━━ Data block
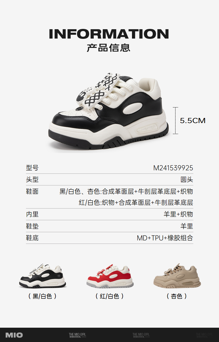 MIO米奥春季厚底时尚休闲鞋活力舒适通勤运动鞋女鞋M241539925
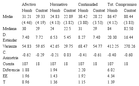 Contrastando los tipos de compromiso organizacional según la condición laboral, nombrados y contratados, no se encuentran diferencias significativas, los resultados nos dicen que el compromiso afectivo se ubica en el grado cuatro ligeramente más alto que el compromiso normativo, siendo menor el compromiso de continuidad en grado tres, lo que significa que hay una clara tendencia negativa, que nos dice que el personal en general considera que puede retirarse de la Institución sin mayor perjuicio personal.
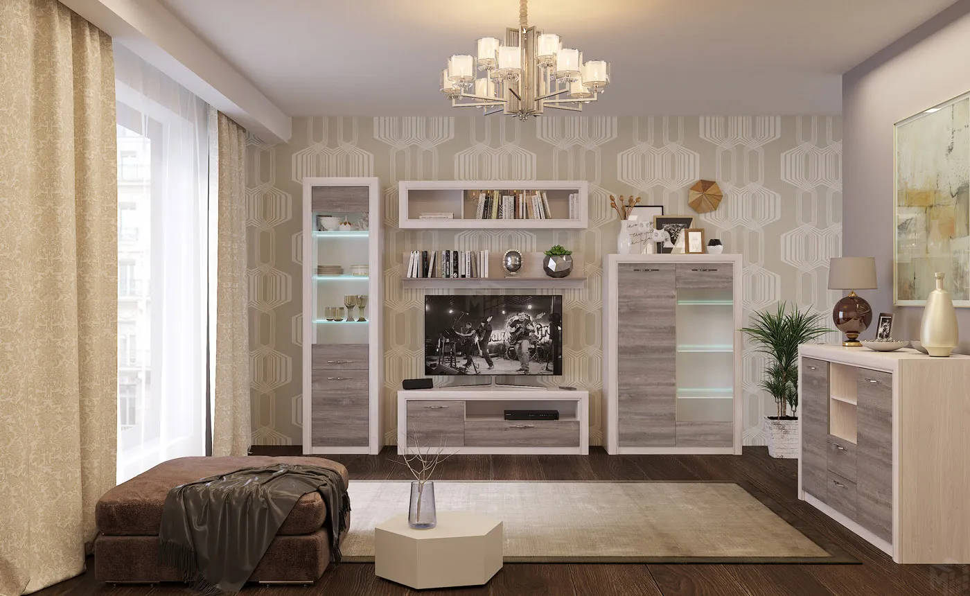 На фото представлена гостиная «ОКТАВА» в следующем цветовом решении:
━━━━
**Work required**
The material above is to be set down exactly, with pictures removed.

**Task output**
 MIO米奥春季厚底时尚休闲鞋活力舒适通勤运动鞋女鞋M241539925
 Contrastando los tipos de compromiso organizacional según la condición laboral, nombrados y contratados, no se encuentran diferencias significativas, los resultados nos dicen que el compromiso afectivo se ubica en el grado cuatro ligeramente más alto que el compromiso normativo, siendo menor el compromiso de continuidad en grado tres, lo que significa que hay una clara tendencia negativa, que nos dice que el personal en general considera que puede retirarse de la Institución sin mayor perjuicio personal.
 На фото представлена гостиная «ОКТАВА» в следующем цветовом решении:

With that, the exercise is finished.